Bayesian Modeling and Probabilistic Programming in Python
Hidden Markov Models in Python, with scikit-learn like API
Statsmodels: statistical modeling and econometrics in Python
Probabilistic reasoning and statistical analysis in TensorFlow
Quick Overview
Pomegranate is a Python library for probabilistic modeling, providing implementations of various probabilistic models such as Bayesian networks, hidden Markov models, and mixture models. It offers a user-friendly API for building, training, and using these models, with a focus on performance through the use of Cython for computationally intensive operations.
Pros
- Fast performance due to Cython implementation
- Comprehensive set of probabilistic models and algorithms
- User-friendly API with scikit-learn-like interface
- Supports both supervised and unsupervised learning
Cons
- Limited documentation and examples for advanced use cases
- Smaller community compared to more mainstream machine learning libraries
- May require compilation on some systems, which can be challenging for beginners
- Some models may have limited customization options
Code Examples
- Creating and training a Gaussian Mixture Model:
from pomegranate import GaussianMixture
# Create a Gaussian Mixture Model with 3 components
model = GaussianMixture(n_components=3)
# Fit the model to your data
model.fit(X)
# Predict the cluster for new data
predictions = model.predict(X_new)
- Building a Bayesian Network:
from pomegranate import BayesianNetwork, DiscreteDistribution
# Define the network structure
network = BayesianNetwork([
('A', 'C'),
('B', 'C'),
('C', 'D')
])
# Add probability distributions to nodes
network.add_node(DiscreteDistribution({'True': 0.7, 'False': 0.3}), name='A')

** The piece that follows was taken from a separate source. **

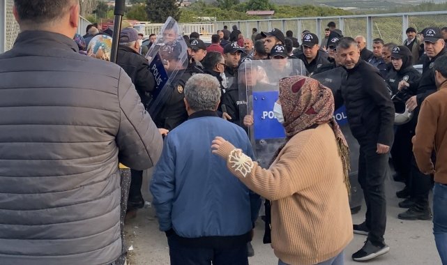 Mersin'de ormanlık alana oluşturulan narenciye bahçelerinin kaldırılması kararına tepki gösteren köylüler, iş makinelerinin önünde oturarak polis ekipleriyle karşı karşıya geldi.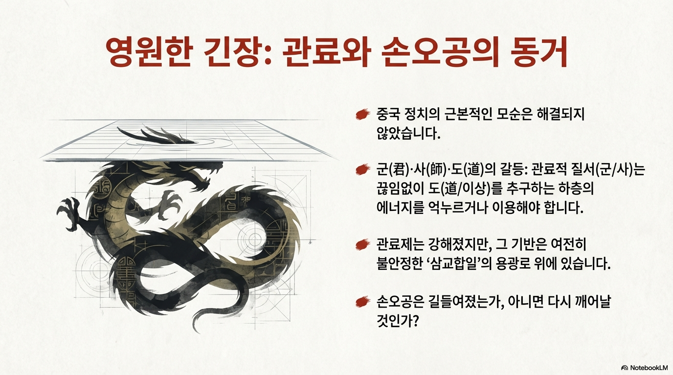 중국 현대 정치의 심장부에는 '제천대성 손오공', 그중에서도 끊임없이 싸워 이기는 '전승투불'의 논리가 흐르고 있습니다. 이는 제도나 법치보다는 투쟁과 동원을 통해 관료주의를 타쇄하려는 속성입니다.

network.add_node(DiscreteDistribution({'True': 0.6, 'False': 0.4}), name='B')
network.add_conditional_probability_table(['A', 'B', 'C'], [...])

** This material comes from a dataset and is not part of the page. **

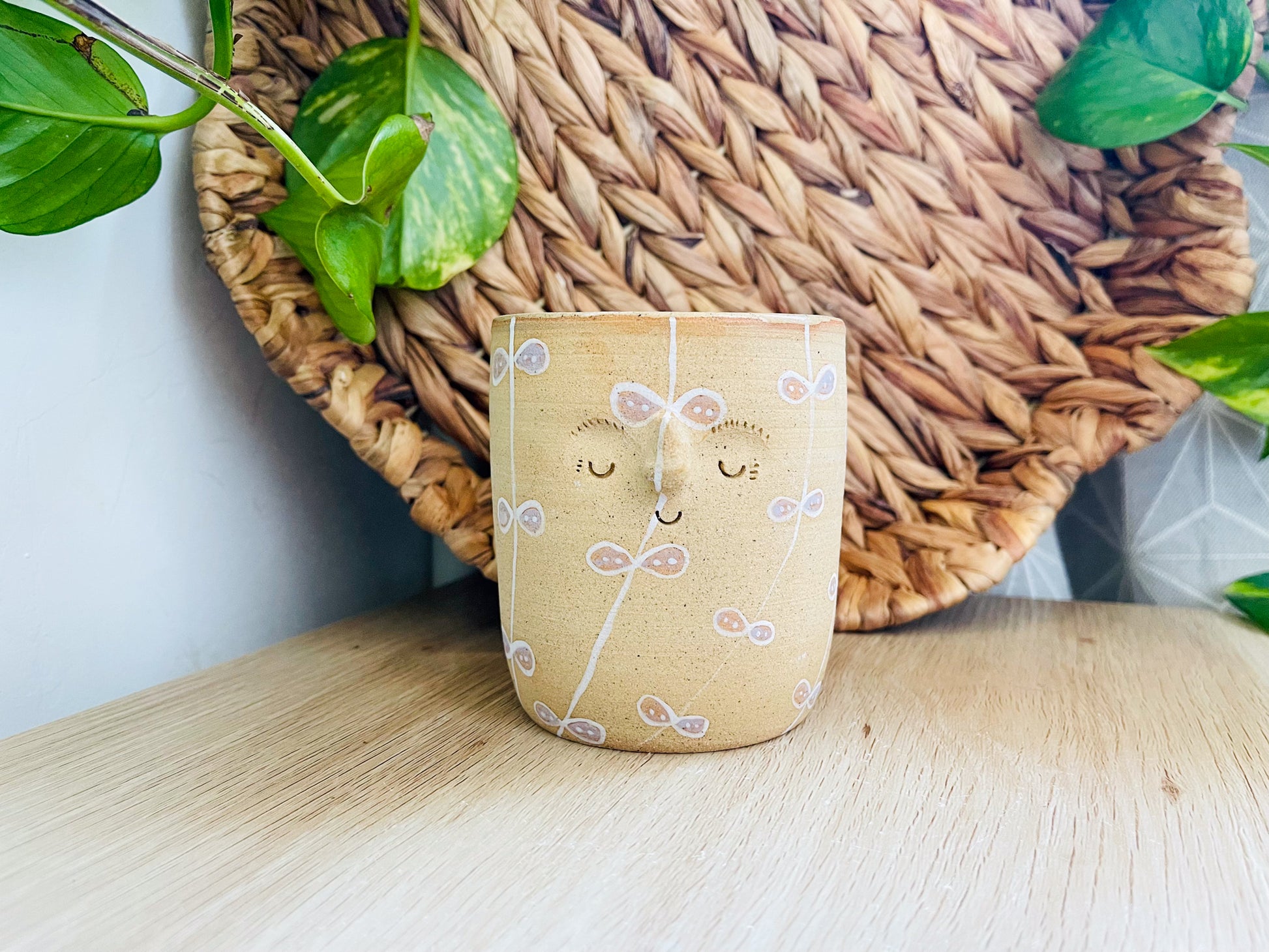 a handthrown pot, made on the potters wheel with sandy clay. this cutie has been decorated with a handpainted bow pattern on the outside (and one on the inside! and covered with a clear glaze on the inside.

network.add_conditional_probability_table(['C', 'D'], [...])
# Bake the network to finalize its structure
network.bake()
- Using a Hidden Markov Model:
from pomegranate import HiddenMarkovModel, NormalDistribution
# Create a Hidden Markov Model
model = HiddenMarkovModel()
# Add states with emissions
s1 = model.add_state(NormalDistribution(0, 1))

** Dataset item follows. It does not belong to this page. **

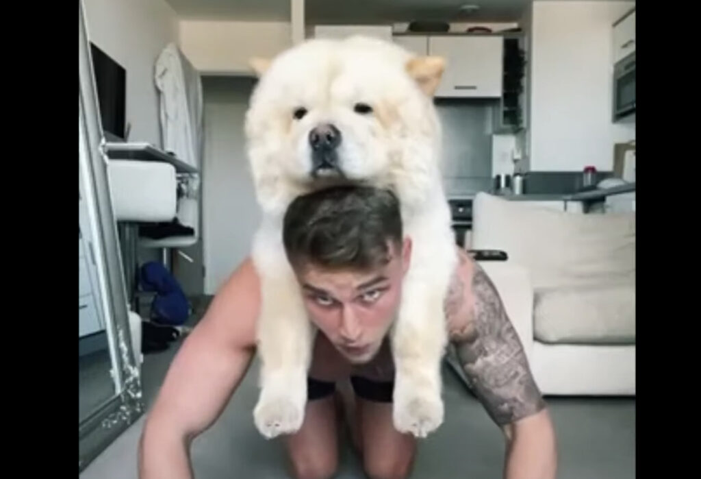 飼い主の背中に乗って、 キョトンとしているもふもふの犬さん。 大型犬のようなので、10kgはありそう! そんな重い愛犬をおんぶしたまま 筋トレを始める飼い主さん! それに合わせて犬さんの体もゆらゆら〜 なんだかよく分からないけれど、 飼い主さんにく... -

s2 = model.add_state(NormalDistribution(5, 1))
# Add transitions
model.add_transition(model.start, s1, 0.9)
model.add_transition(model.start, s2, 0.1)
model.add_transition(s1, s1, 0.8)
model.add_transition(s1, s2, 0.2)
model.add_transition(s2, s2, 0.9)
model.add_transition(s2, model.end, 0.1)
# Bake the model
model.bake()
Getting Started
To get started with Pomegranate, first install it using pip:
pip install pomegranate
Then, import the desired models and start using them in your Python code:
from pomegranate import BayesianNetwork, GaussianMixture, HiddenMarkovModel
# Use the models as shown in the code examples above
For more detailed information and advanced usage, refer to the official documentation and examples in the GitHub repository.
Competitor Comparisons
scikit-learn: machine learning in Python
Pros of scikit-learn
- Extensive collection of machine learning algorithms and tools
- Well-established, widely used, and extensively documented
- Large community support and frequent updates
Cons of scikit-learn
- Limited support for probabilistic models and Bayesian inference
- Less flexibility for custom probability distributions
- Steeper learning curve for beginners
Code Comparison
scikit-learn:
from sklearn.naive_bayes import GaussianNB
model = GaussianNB()
model.fit(X_train, y_train)
predictions = model.predict(X_test)
pomegranate:
from pomegranate import NaiveBayes, NormalDistribution
model = NaiveBayes([NormalDistribution for _ in range(n_features)])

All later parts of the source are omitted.